▶ **Work instructions**
Only one span of the listing below should come back. It runs from the line with "As comemorações seguem" through the line with "取D-无水葡萄糖标准品适量,精密称定,加", and each of its lines must be reproduced exactly.

▶ **Provided material**
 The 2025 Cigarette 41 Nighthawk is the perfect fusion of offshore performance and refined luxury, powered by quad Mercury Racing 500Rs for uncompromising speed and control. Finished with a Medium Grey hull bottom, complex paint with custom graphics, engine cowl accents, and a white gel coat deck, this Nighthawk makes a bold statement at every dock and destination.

* * *

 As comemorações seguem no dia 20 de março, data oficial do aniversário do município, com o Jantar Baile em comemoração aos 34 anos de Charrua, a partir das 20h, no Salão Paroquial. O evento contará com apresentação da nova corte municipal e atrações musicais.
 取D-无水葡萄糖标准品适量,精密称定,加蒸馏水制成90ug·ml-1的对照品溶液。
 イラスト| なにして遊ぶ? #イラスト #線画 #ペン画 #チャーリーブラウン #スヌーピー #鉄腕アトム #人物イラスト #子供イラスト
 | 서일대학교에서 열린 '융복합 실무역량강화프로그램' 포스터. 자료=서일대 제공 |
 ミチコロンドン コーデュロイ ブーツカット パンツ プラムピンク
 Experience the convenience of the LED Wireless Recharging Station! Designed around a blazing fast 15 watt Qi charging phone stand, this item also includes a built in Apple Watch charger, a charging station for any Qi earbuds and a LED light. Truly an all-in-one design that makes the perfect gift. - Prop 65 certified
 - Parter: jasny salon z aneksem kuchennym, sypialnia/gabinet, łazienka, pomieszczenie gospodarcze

==

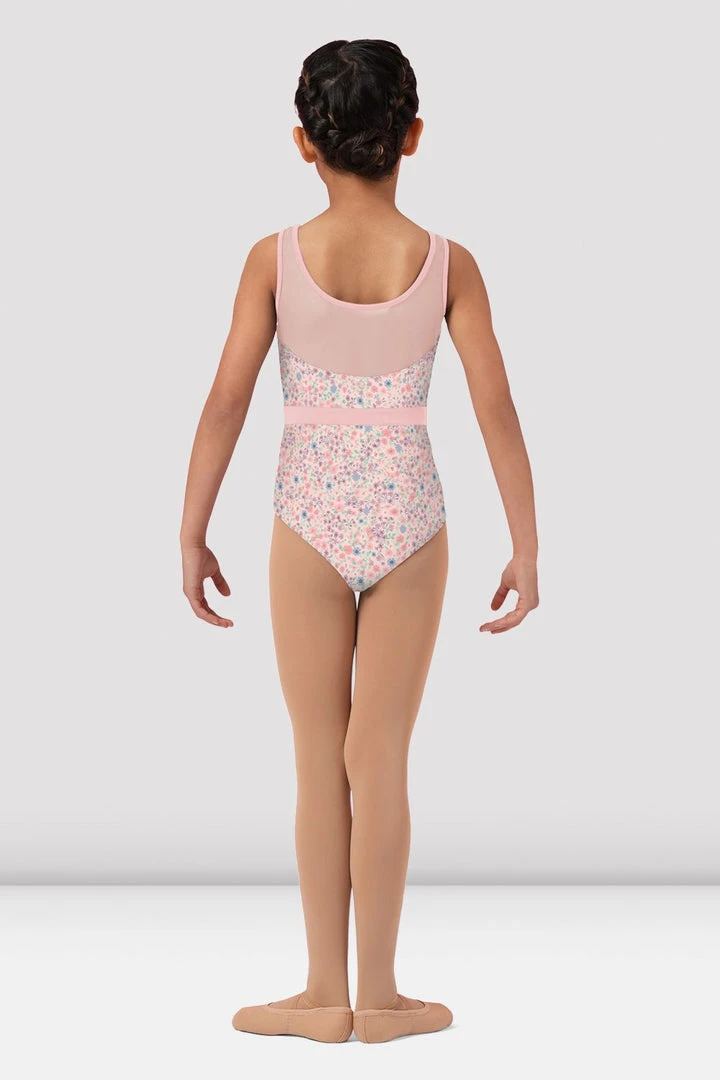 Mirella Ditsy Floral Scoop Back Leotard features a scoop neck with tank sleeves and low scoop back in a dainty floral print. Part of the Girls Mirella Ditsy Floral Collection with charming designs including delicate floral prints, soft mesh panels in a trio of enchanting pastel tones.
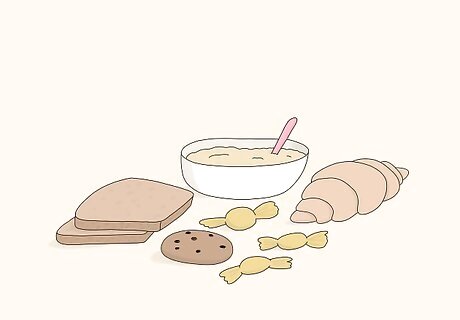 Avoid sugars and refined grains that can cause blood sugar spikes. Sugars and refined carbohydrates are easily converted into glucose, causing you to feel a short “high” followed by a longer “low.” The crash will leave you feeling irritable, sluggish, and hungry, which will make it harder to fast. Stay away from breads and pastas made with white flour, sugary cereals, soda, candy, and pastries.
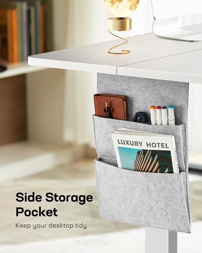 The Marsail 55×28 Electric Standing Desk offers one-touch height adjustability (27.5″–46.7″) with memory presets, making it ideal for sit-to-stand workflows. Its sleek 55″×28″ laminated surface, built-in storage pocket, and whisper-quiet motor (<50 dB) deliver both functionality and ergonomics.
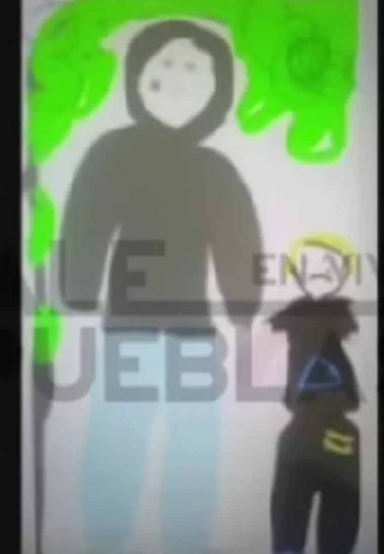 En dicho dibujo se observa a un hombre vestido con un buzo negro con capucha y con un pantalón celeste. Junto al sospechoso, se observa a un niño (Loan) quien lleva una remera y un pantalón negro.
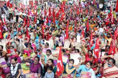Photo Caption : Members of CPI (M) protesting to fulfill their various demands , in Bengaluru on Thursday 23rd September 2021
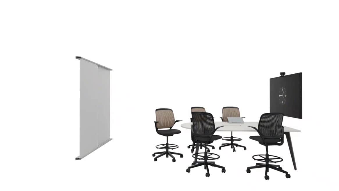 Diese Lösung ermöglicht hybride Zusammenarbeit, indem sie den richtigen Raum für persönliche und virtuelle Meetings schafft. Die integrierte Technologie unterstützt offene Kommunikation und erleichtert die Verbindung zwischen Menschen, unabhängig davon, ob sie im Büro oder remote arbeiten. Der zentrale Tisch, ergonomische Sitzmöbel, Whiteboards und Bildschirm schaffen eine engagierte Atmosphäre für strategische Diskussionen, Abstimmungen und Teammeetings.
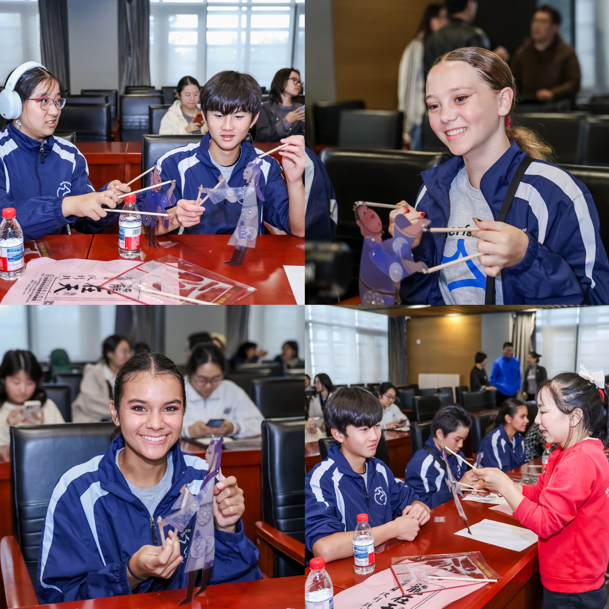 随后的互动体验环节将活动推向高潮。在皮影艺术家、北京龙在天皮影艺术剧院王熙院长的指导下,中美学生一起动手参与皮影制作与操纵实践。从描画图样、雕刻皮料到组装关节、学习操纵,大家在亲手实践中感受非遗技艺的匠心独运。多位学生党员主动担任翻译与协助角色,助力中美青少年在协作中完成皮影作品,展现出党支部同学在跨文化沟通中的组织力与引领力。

▶ **Exercise answer**
 As comemorações seguem no dia 20 de março, data oficial do aniversário do município, com o Jantar Baile em comemoração aos 34 anos de Charrua, a partir das 20h, no Salão Paroquial. O evento contará com apresentação da nova corte municipal e atrações musicais.
 取D-无水葡萄糖标准品适量,精密称定,加蒸馏水制成90ug·ml-1的对照品溶液。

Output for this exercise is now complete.